There were seven recurrences in the study population (23%). Six of them were upstaged by FDG PET (20% of all study patients) and one patient presented with a negative finding at the first scanning, but positive finding in a repeated scan after manifestation of palpable mass in the axilla. This case is regarded as a false negative while six others were true positive on baseline FDG PET. The data on the seven recurrences are summarized in . The anatomic localisation of metastases was subsequently verified by CT in every case. Histological confirmation of melanoma recurrence was obtained in three cases, and in the remaining cases metastatic disease was judged by subsequent clinical disease progression with appearance of concurrent findings on CT-scan.
Table II. Patients with recurrent disease.
The recurrence had influence on the treatment strategy in all patients. Three patients underwent surgery with a curative intent. An obese patient with no palpable disease demonstrated subcutaneus intransit metastasis of trunk on FDG PET () and underwent wide soft tissue excision with local flap reconstruction. The second patient underwent thoracotomy and lobectomy because of a bifocal lung metastasis. The third patient underwent axillary clearance of nodal metastases. Four patients with inoperable recurrent disease received chemotherapy and/or interferon. There were four melanoma deaths during the follow-up period. In those patients the disease was upstaged by FDG PET when they were asymptomatic but all of them experienced a rapid progression of disease which showed poor response to chemotherapy.
Figure 1. 60-year-old male operated previously due to stage IIB melanoma in the back. FDG PET coronal slice (a, arrow) and transaxial slice (b, arrow) revealed an FDG-avid lesion near the right axilla (scanned arms down) corresponding a small (10 mm) tumour in diagnostic CT, arms up (c, arrow). Histological study confirmed a melanoma metastase.

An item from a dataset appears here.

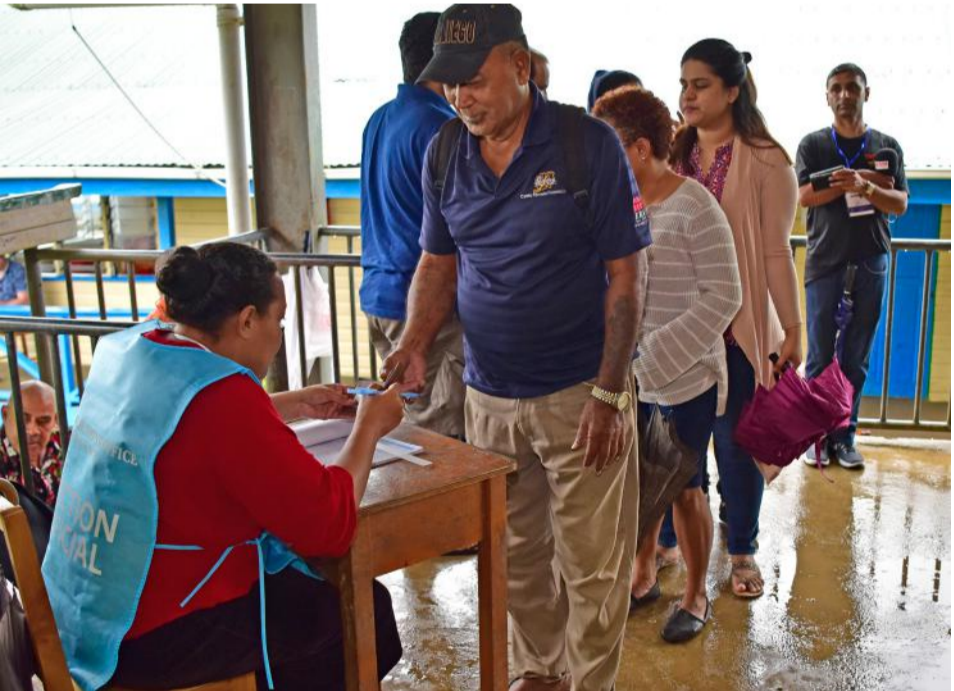
Voters line up at Draiba Primary School.
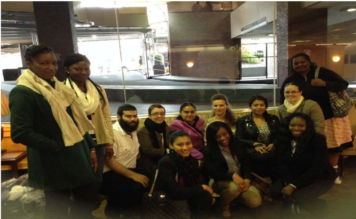
New York Methodist Hospital Visit

This spring, the Office of Career Development helped students explore diverse work environments through its Real World Visits. In March, students visited the Supreme Court of the State of New York and had an opportunity to gain valuable information about careers in law and the court system and also to explore some of those careers. In April, students met with the Human Resources Manager at the Marriott Hotel at Brooklyn Bridge , where they were taken on a comprehensive tour where students were able to see the hotel facilities and speak to staff within various departments including Human Resources, Housekeeping, and the Kitchen. In early May, students met with the Assistant Director of Public Relations at New York Methodist Hospital , where they were able to tour and meet with hospital staff within the Laboratory, Pharmacy, and Physical therapy departments.

One patient had bifocal hypermetabolic activity in the mediastinum, but there was no progression of this equivocal finding in the repeated PET scans after 3 and 6 months. Also CT was normal and the PET finding was justified to have a benign underlying cause.

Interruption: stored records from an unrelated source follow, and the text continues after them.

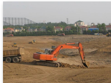
左：杰克·尼克劳斯和首席设计师Ken Baker，在Flagstick团队及其他人员的陪同下查看设计图纸 上：挖掘机，推土机和卡车忙于大规模的施工工作
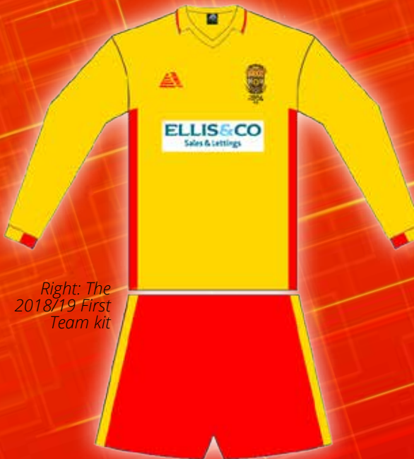
Right: The 2018/19 First Team kit

TFFC's yellow and red colours originated in a sketch on the cover of the 1973/74 TFFC handbook. Not until 1985 did the Club first wear this combination. Since then, yellow and red have proudly become the Club's traditional colours.
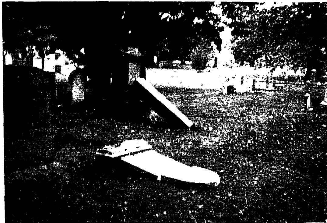
Vandalism of this sort constitutes destruction of Scotch Plains' history.

They are appealing to the citizens of Scotch Plains to share an information they may have. Of course, this will all be kept confidential. Anyone with any information should contact the Scotch Plains Detective Bureau.
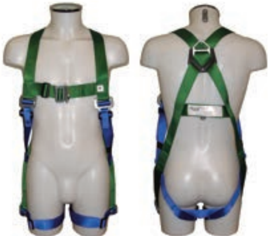
AB20 - Two Point Harness
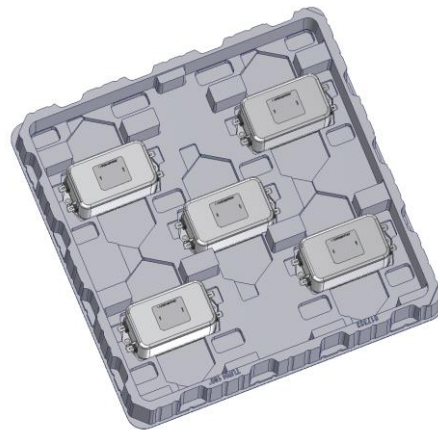
Figure 2: Example of new tray

This resulted in a sensitivity and specificity for melanoma recurrence of 86% and 96%, respectively. The positive predictive value was 86% and the negative predictive value was 96%. The entire study profile is summarized in .

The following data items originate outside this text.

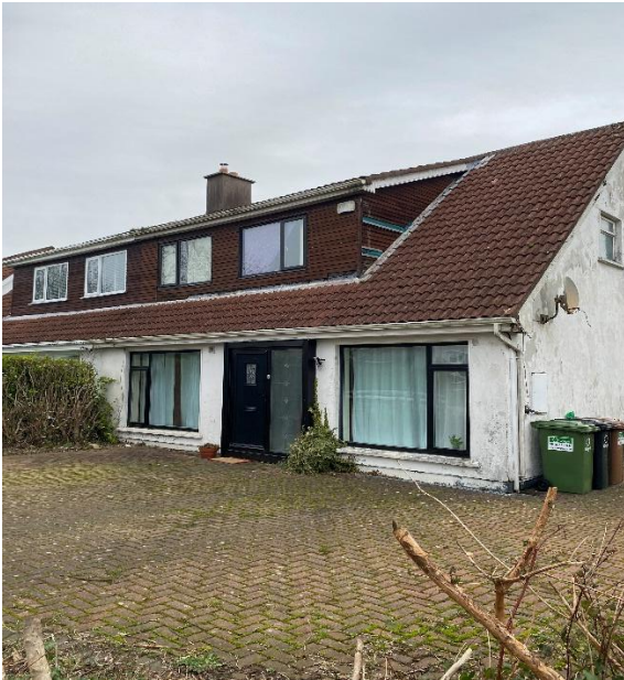
Front Elevation for 2 Aspen Close, Viewmount, Waterford Before
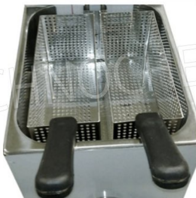
Cesto maxi opzionale
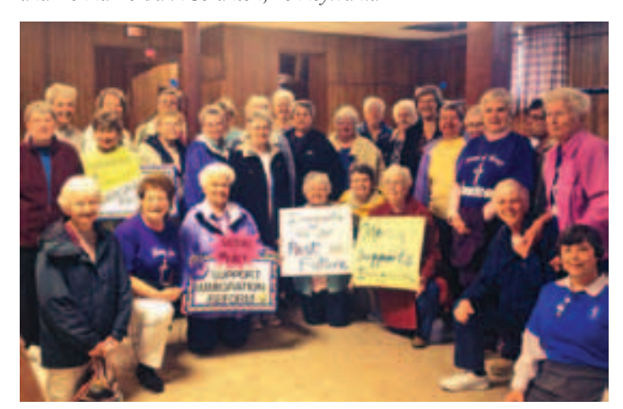
Sisters show their support in New Haven, Connecticut

Figure 2. Summary of the study.
Discussion
Whole body FDG PET is a potential tool to detect clinically silent metastases in high risk melanoma during the postoperative follow-up. A Danish study has recently demonstrated that occult metastases were found with FDG PET in 12% among stage III sentinel node positive melanoma patients Citation[12].
In general, no universally accepted consensus has been adopted thus far for the routine use of FDG PET in the follow-up of melanoma Citation[13]. The major benefit of using FDG PET for melanoma is the detection of recurrent disease at a potentially curable stage Citation[14]. The earlier the metastasis is detected, the more effective the treatment is likely to be accomplished Citation[15]. Surgery is the only modality of therapy that significantly influences the prognosis Citation[16]. Single distant metastases are suitable for surgical resection and results have been reported to give some therapeutic benefit in terms of prolonged survival Citation[17], Citation[18].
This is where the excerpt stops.